## Source data:
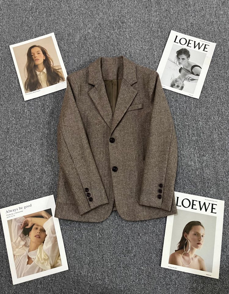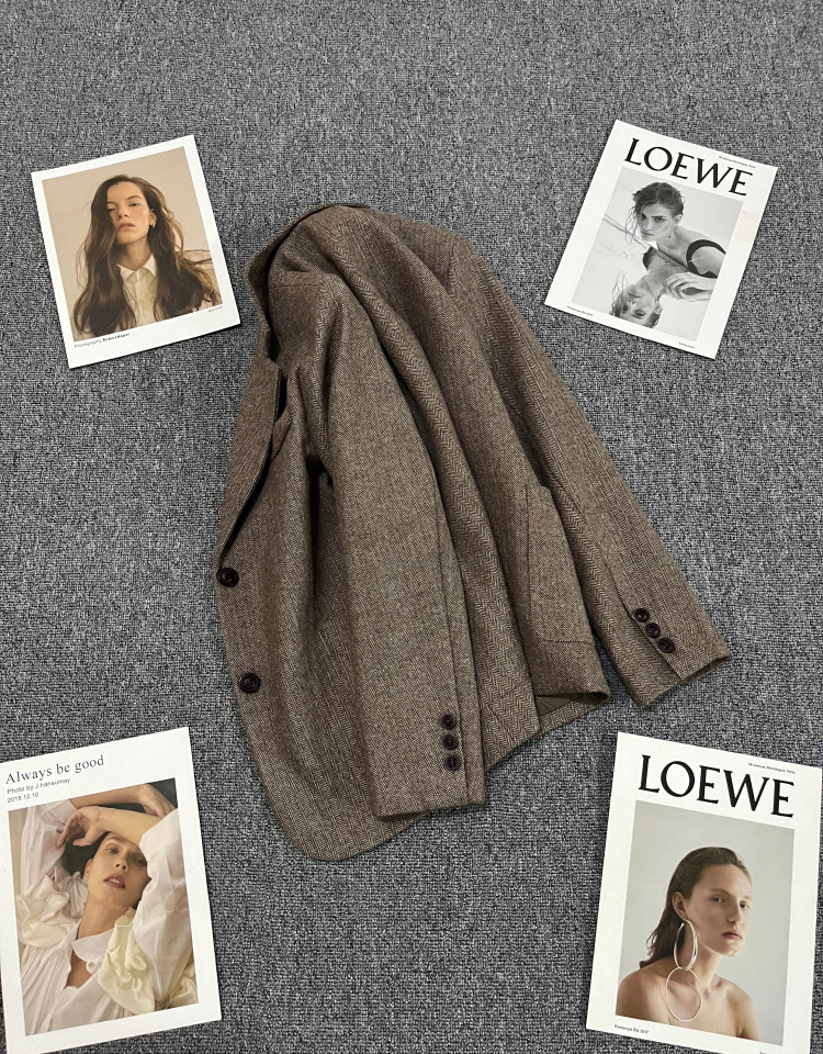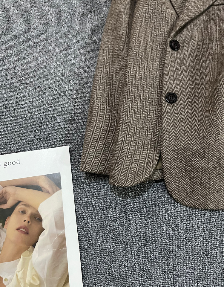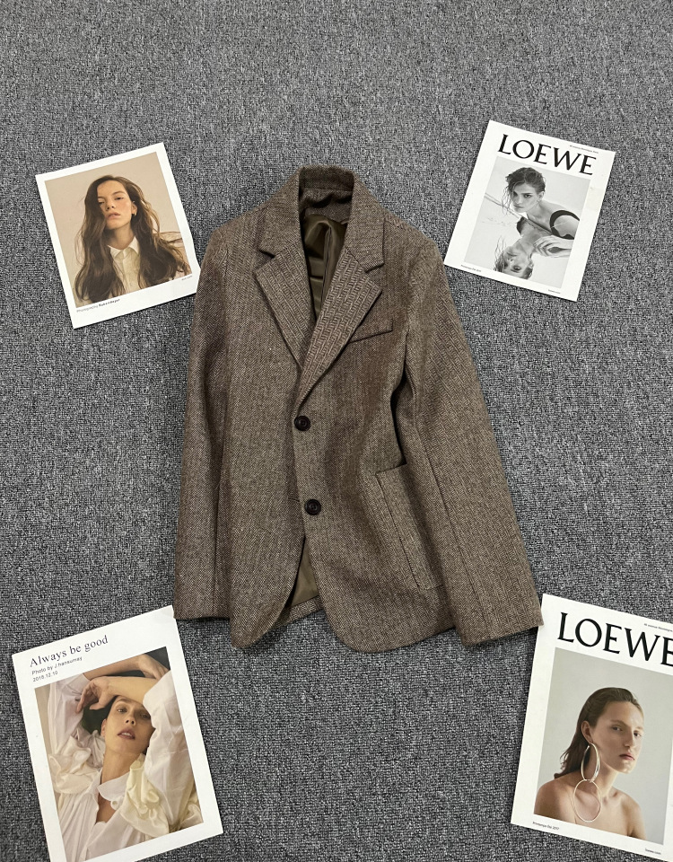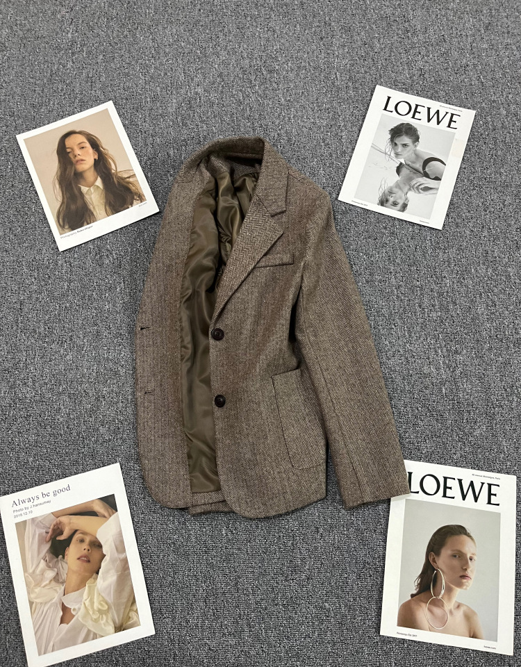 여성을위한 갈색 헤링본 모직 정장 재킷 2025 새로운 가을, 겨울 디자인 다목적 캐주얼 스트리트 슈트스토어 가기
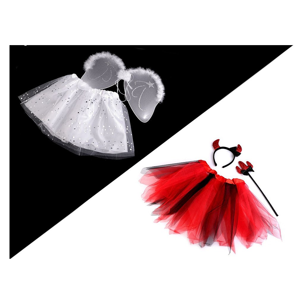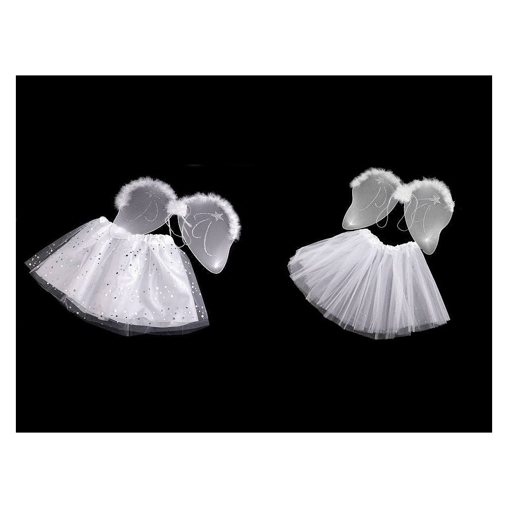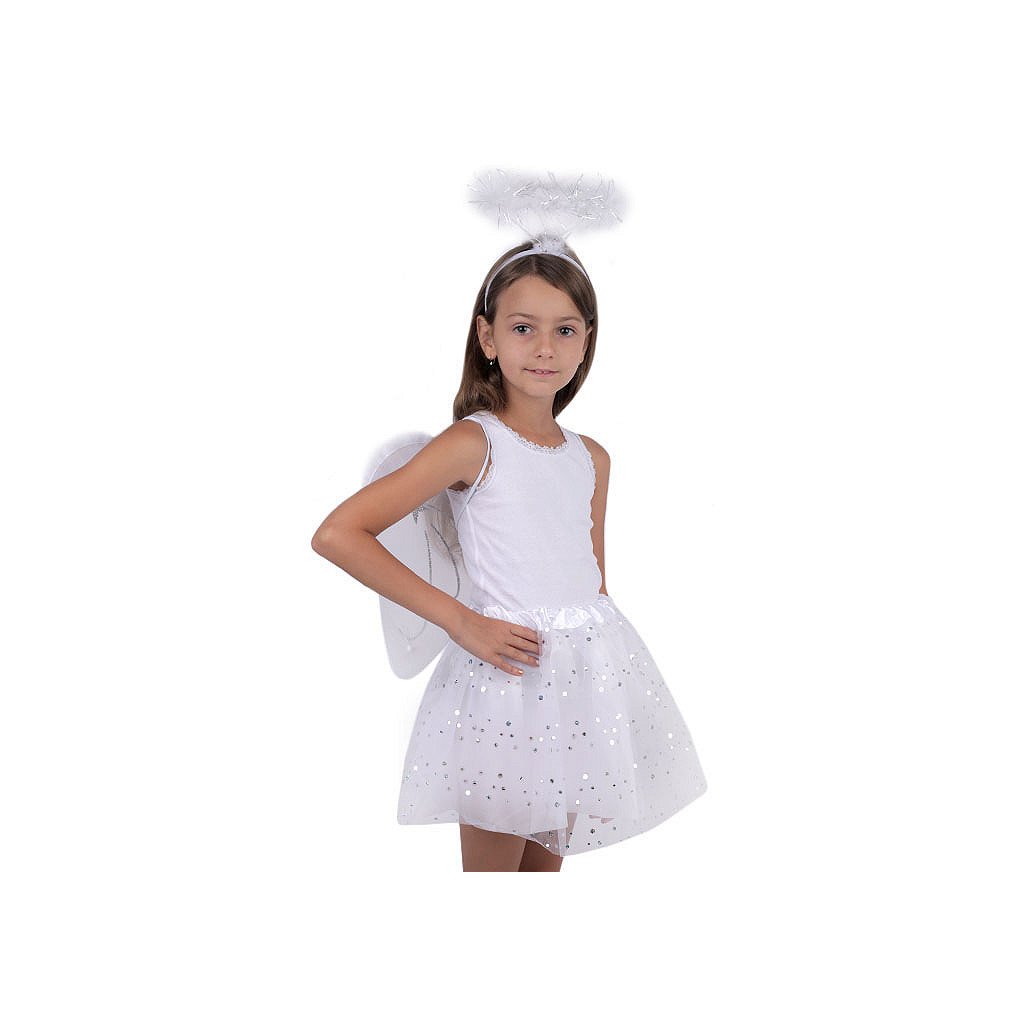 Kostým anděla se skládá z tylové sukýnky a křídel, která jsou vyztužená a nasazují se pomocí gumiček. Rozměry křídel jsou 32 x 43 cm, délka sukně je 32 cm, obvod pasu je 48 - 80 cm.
---
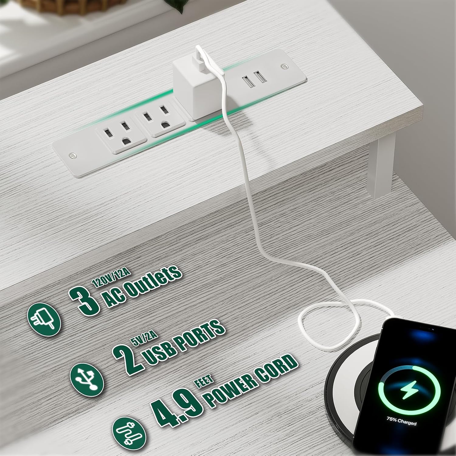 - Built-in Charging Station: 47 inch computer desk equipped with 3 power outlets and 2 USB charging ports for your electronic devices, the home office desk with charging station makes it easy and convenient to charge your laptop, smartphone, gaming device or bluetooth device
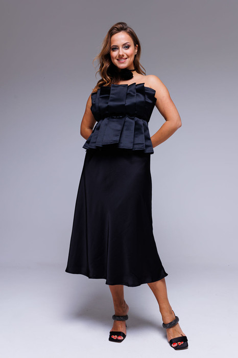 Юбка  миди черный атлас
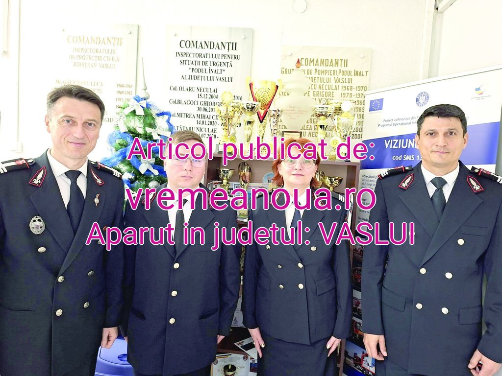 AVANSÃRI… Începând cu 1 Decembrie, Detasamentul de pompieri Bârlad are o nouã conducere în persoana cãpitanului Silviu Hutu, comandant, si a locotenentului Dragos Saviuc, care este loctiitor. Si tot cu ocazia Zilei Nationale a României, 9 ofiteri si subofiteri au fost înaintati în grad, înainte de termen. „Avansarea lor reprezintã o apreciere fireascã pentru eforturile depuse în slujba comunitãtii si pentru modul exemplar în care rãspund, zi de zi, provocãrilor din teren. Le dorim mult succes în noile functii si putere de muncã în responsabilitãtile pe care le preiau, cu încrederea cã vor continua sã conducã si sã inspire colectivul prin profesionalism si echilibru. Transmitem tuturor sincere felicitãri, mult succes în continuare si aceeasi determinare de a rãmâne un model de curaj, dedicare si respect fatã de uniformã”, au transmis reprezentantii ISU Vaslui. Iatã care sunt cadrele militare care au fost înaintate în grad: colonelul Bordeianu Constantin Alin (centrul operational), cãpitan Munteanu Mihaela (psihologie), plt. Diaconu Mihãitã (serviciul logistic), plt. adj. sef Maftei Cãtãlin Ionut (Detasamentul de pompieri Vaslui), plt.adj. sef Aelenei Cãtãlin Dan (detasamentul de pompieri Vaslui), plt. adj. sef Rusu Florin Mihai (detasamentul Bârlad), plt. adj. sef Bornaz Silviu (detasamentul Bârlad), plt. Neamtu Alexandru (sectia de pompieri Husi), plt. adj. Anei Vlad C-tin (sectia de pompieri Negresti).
...
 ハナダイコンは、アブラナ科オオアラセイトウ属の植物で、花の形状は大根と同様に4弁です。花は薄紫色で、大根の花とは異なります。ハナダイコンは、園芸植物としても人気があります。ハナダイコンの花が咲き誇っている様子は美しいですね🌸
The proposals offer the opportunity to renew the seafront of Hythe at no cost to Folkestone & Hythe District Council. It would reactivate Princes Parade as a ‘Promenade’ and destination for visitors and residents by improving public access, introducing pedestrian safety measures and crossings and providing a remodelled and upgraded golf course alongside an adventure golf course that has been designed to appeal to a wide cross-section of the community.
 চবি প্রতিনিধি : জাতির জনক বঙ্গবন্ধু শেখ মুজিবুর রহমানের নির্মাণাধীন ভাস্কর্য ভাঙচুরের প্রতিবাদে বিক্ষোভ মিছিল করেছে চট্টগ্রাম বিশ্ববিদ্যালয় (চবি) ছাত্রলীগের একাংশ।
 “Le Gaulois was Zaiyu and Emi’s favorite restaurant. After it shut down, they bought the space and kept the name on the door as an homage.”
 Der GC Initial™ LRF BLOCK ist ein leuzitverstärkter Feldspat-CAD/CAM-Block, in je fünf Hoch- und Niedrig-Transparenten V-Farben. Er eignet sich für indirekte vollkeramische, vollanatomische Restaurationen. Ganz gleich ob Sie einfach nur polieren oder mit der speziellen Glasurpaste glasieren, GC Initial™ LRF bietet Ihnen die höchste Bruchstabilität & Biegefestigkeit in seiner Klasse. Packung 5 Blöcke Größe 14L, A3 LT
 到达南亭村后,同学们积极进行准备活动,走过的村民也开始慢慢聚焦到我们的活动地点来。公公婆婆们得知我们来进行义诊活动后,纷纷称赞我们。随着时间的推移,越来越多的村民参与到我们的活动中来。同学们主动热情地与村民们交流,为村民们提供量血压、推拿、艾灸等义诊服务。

## Task goal:
Exactly as written above, retype the lines starting at the one holding "여성을위한 갈색 헤링본" and ending at the one holding "Kostým anděla se", both included, but not the pictures.

## Output below:
 여성을위한 갈색 헤링본 모직 정장 재킷 2025 새로운 가을, 겨울 디자인 다목적 캐주얼 스트리트 슈트스토어 가기
 Kostým anděla se skládá z tylové sukýnky a křídel, která jsou vyztužená a nasazují se pomocí gumiček. Rozměry křídel jsou 32 x 43 cm, délka sukně je 32 cm, obvod pasu je 48 - 80 cm.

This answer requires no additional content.